When he comes to the village, he takes refuge with the owner of a restaurant. The owner is one of the few members of the community not involved in the upheaval of violence that has plagued it. Instead, he remains an indifferent spectator, dejected by the state of things but with no inclination to do anything about it. He warns Mifune that civil war is imminent between the two rival factions and tells him to leave immediately. Mifune rubs his chin and mulls over it. He decides he can do some good. Not by acting as a diplomat, but as a catalyst in getting everyone to kill each other so that the town can have a fresh start.
This is when the emotional rawness of Mifune’s performance begins to show. He meets with the leaders of the two factions, deceptively pitting them against one another by offering his services to each. All the members of this society are enthralled by the mysterious stranger and try to make him part of it, but Mifune is not interested. When asked his name, he lets out a sigh and says to call him Sanjuro, the thirty-year old mulberry field. Of course, this is not a society anyone would strive to be a member of considering the vastness of its corruption, but we realize that Mifune is dispirited with human beings in general and chooses to remain in the margins of society wherever he is.
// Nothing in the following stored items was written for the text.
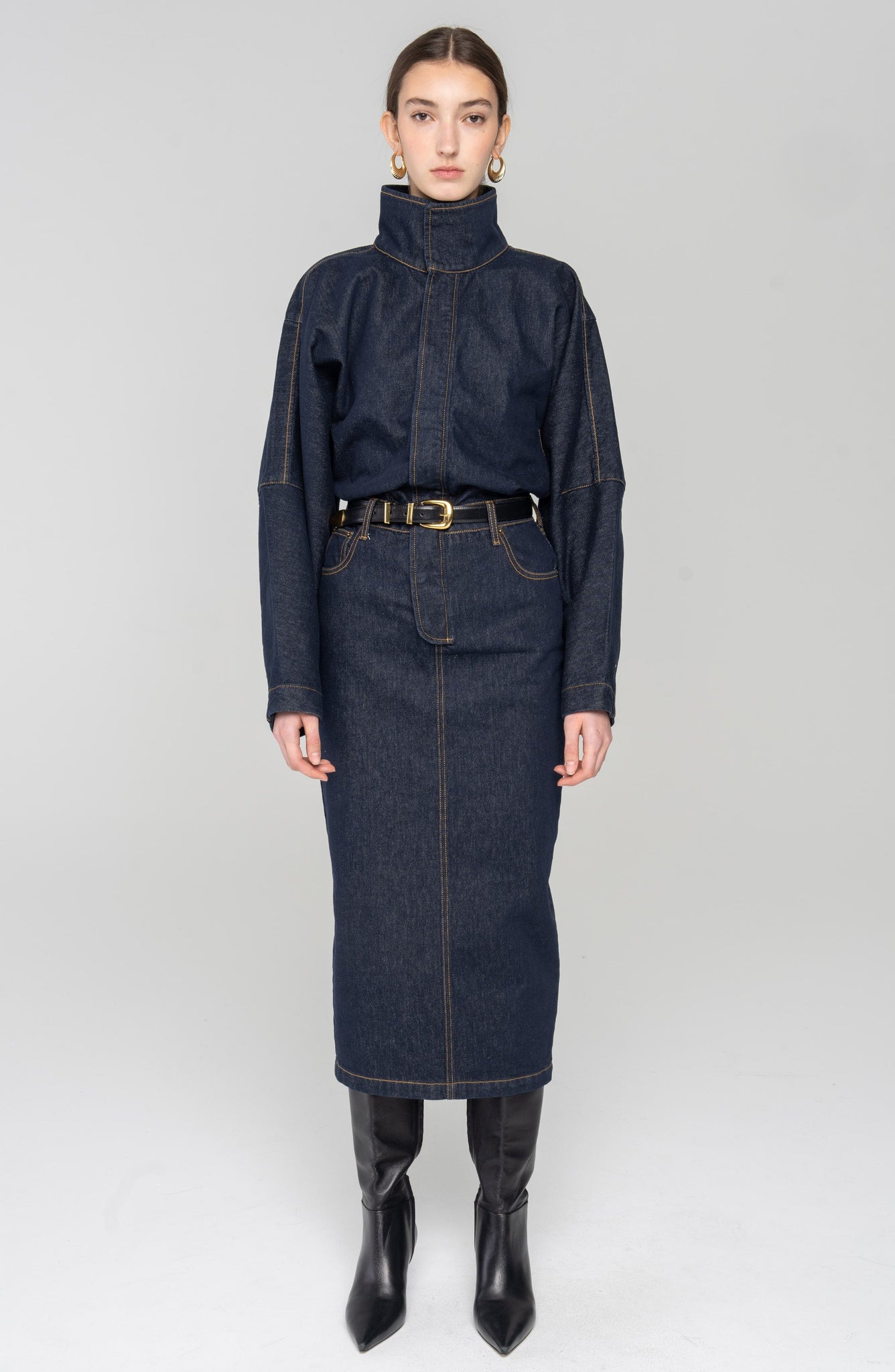 The Sebastian Dress is crafted in dark-wash denim with a high turtleneck, cinched waist, and zip-through front. A sharp, unexpected take on fall dressing—refined, edgy, and entirely modern.
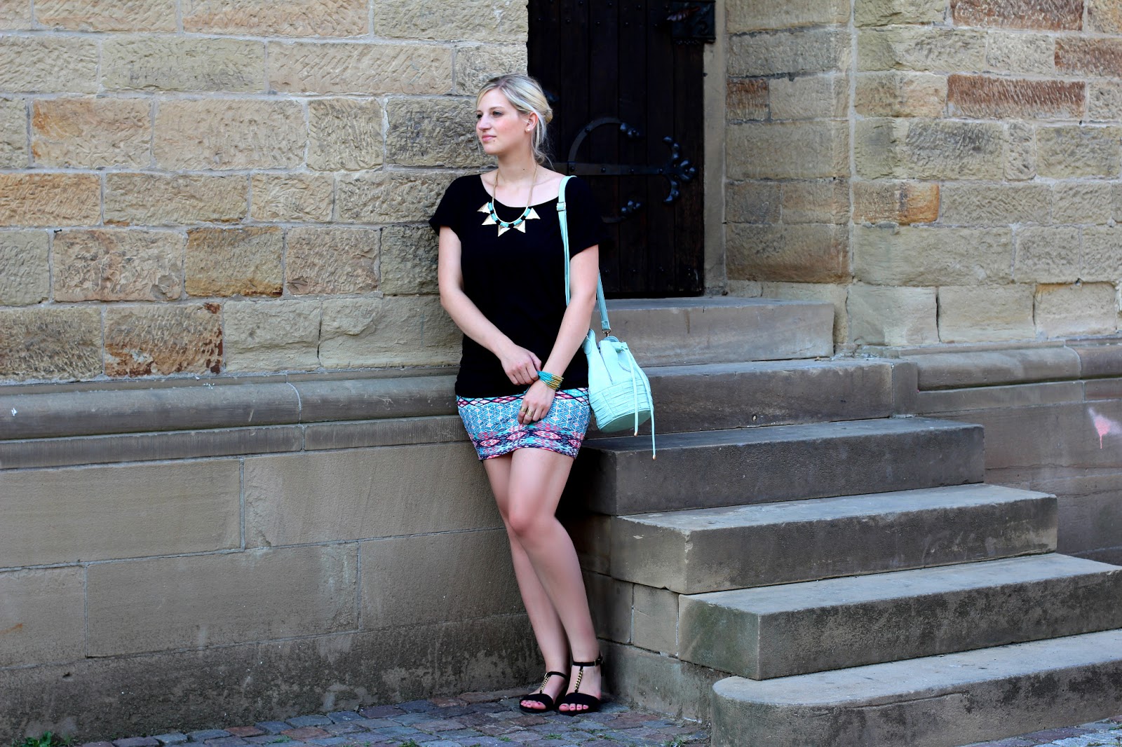T-Shirt, Sandalen, Kette – H&M // Rock, Armband – Bershka // Tasche – Pull&Bear
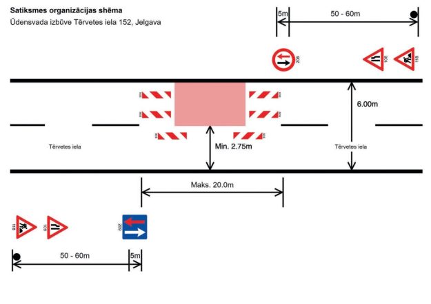 No otrdienas līdz ceturtdienai būs ierobežota satiksme Tērvetes ielas posmā
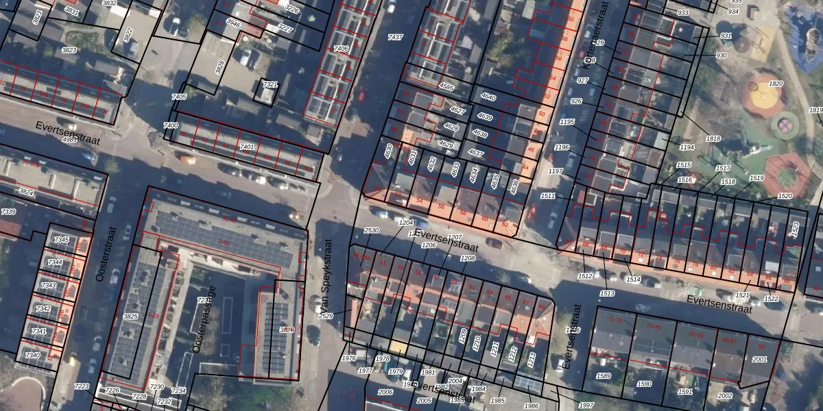 Het perceel waarop Evertsenstraat 54 staat heeft een oppervlakte van 80 m². Dit is een klein perceel. De perceeloppervlakte wordt geregistreerd door het Kadaster. Gedetailleerde informatie over de maten van dit perceel kunt u vinden in het rapport Kadastrale kaart met maatvoering van Evertsenstraat 54.
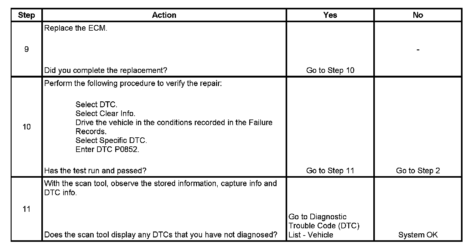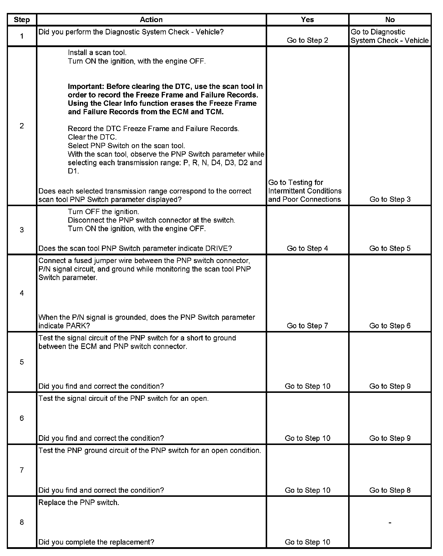 If the PNP switch signal indicates low when the vehicle is in motion for a specified length of time, DTC P0852 sets. DTC P0852 is a type C DTC.
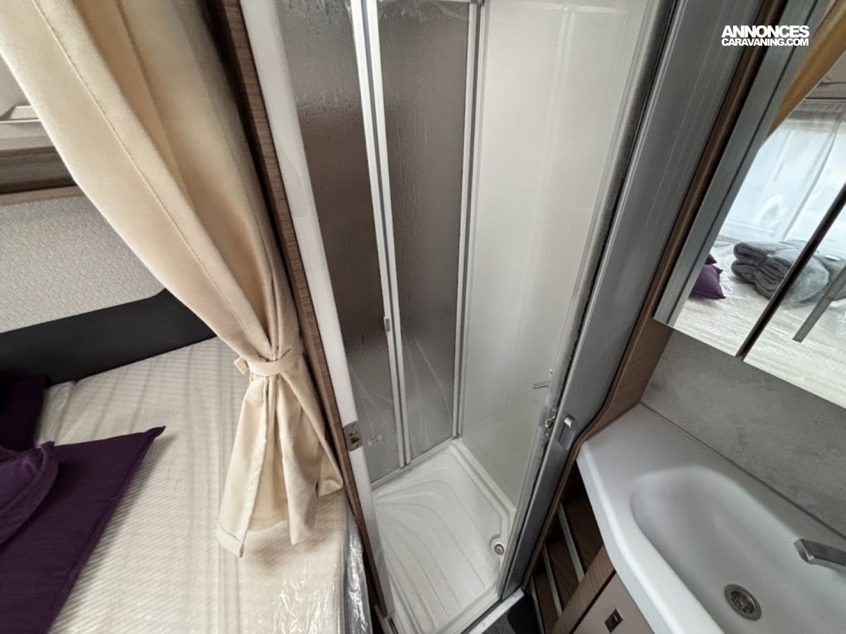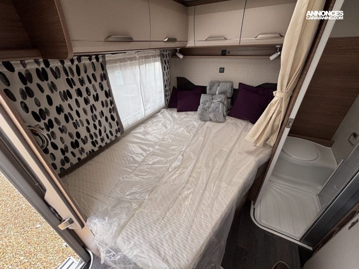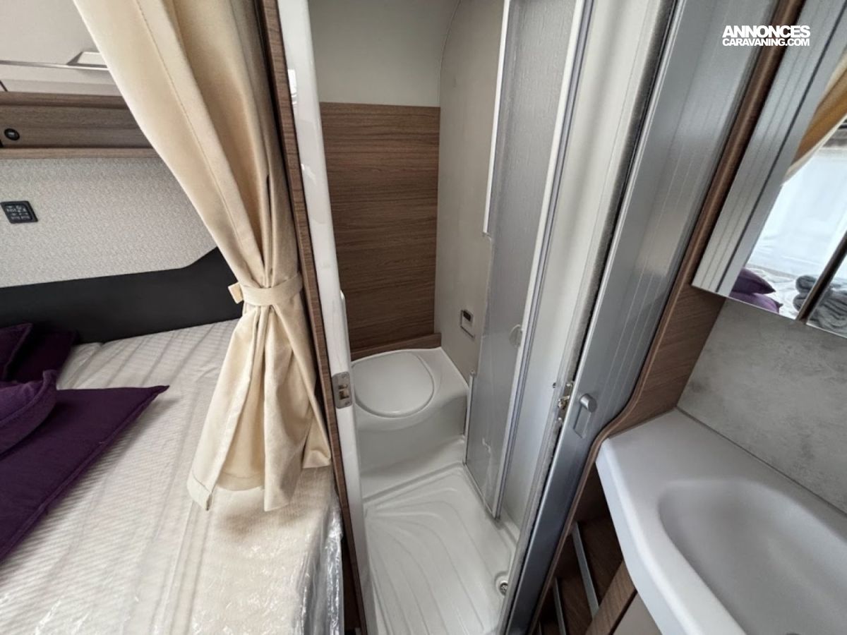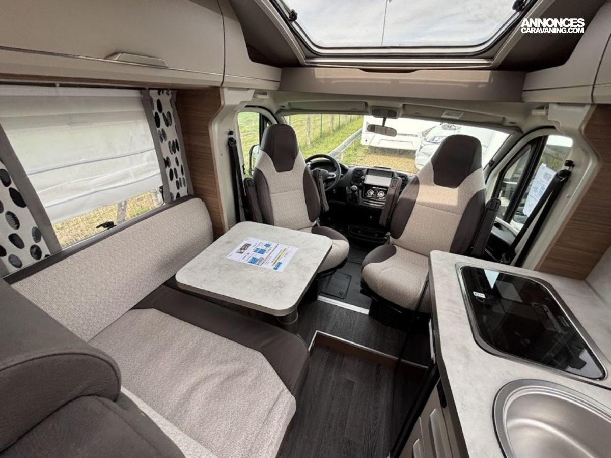 Bac de douche, Cuisine en long, Lit à la Française, Lit dînette avant, Salon avant sièges pivotants, Soute, WC Cassette.
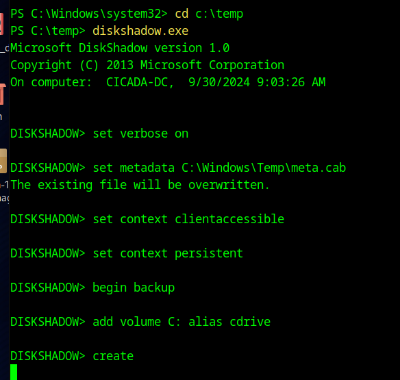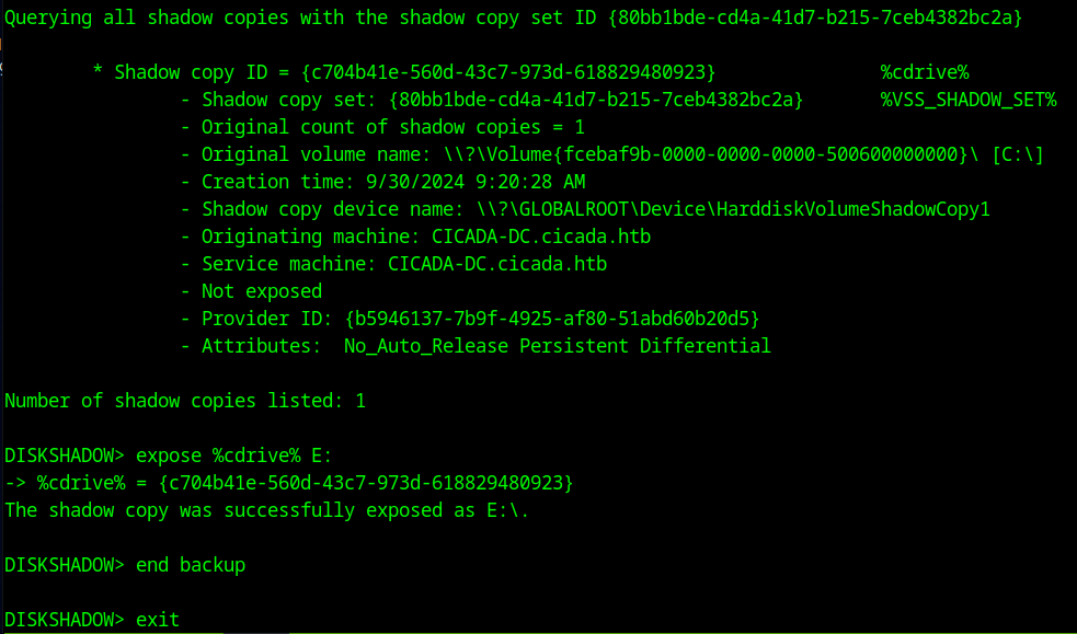 Next we can use the instructions here to use diskshadow.exe to get the same results.
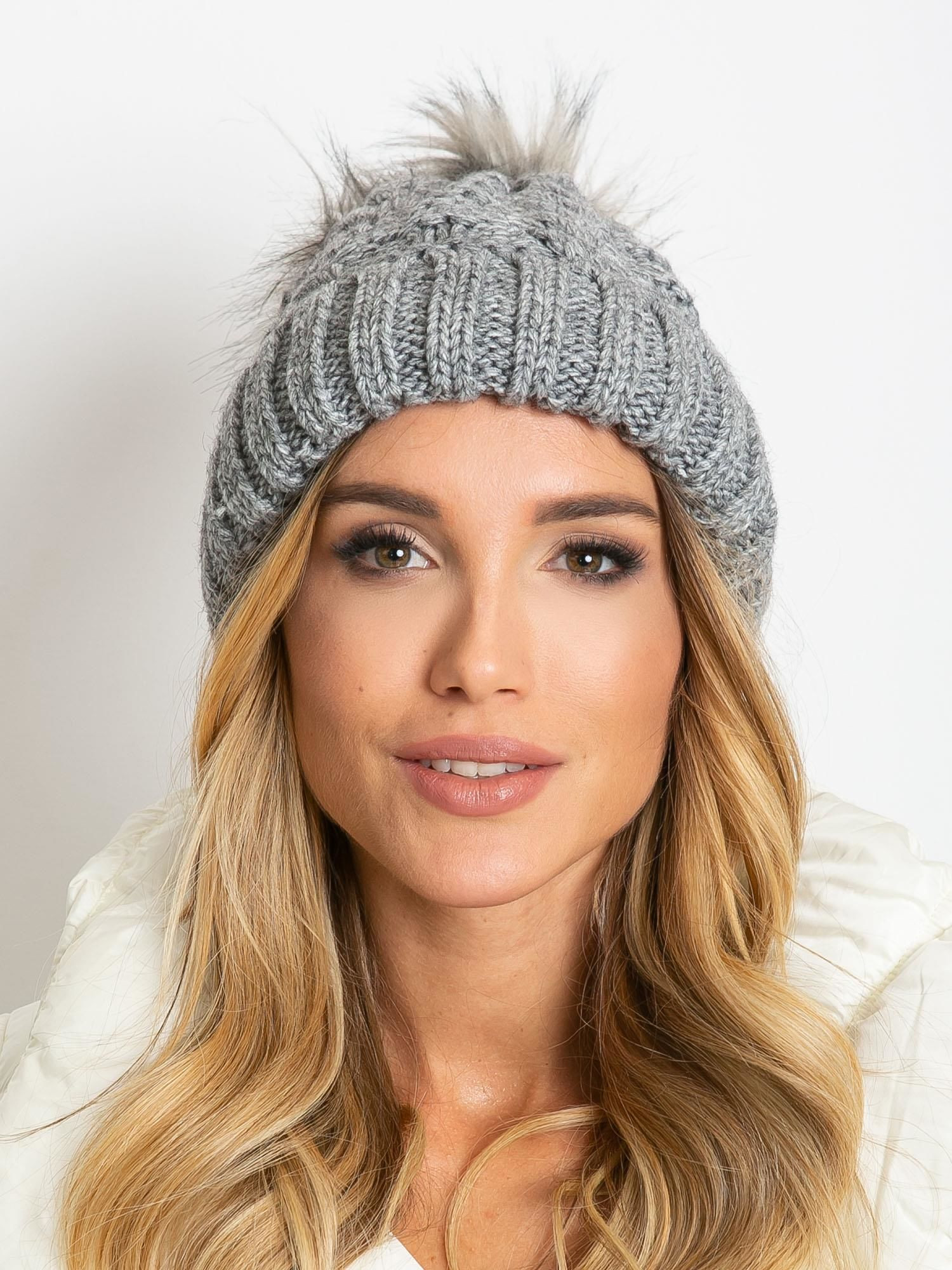 Zimní čepice s šedou bambulí. příslušenství: zateplená podšívka složení tkaniny: 70 % polyakryl, 30 % vlna způsob mytí: ruční mytí Modelka má na sobě jednu velikost.

There are no attempts to shine any light on this by exploring his back story, but we don’t need it. Everything is in his performance.
When a couple is reunited before his eyes, you can see the tenderness and warmth between them. MIfune only sees weakness, but you can still sense he is affected by it. Though he is misanthropic, he is very articulate about human nature. Because he is a man who is painfully honest with himself, you see a free spirit, an immortal archetype. He tears his way through this movie all the way to its final showdown, where you are both exhausted and interestingly affirmed by everything that has been experienced.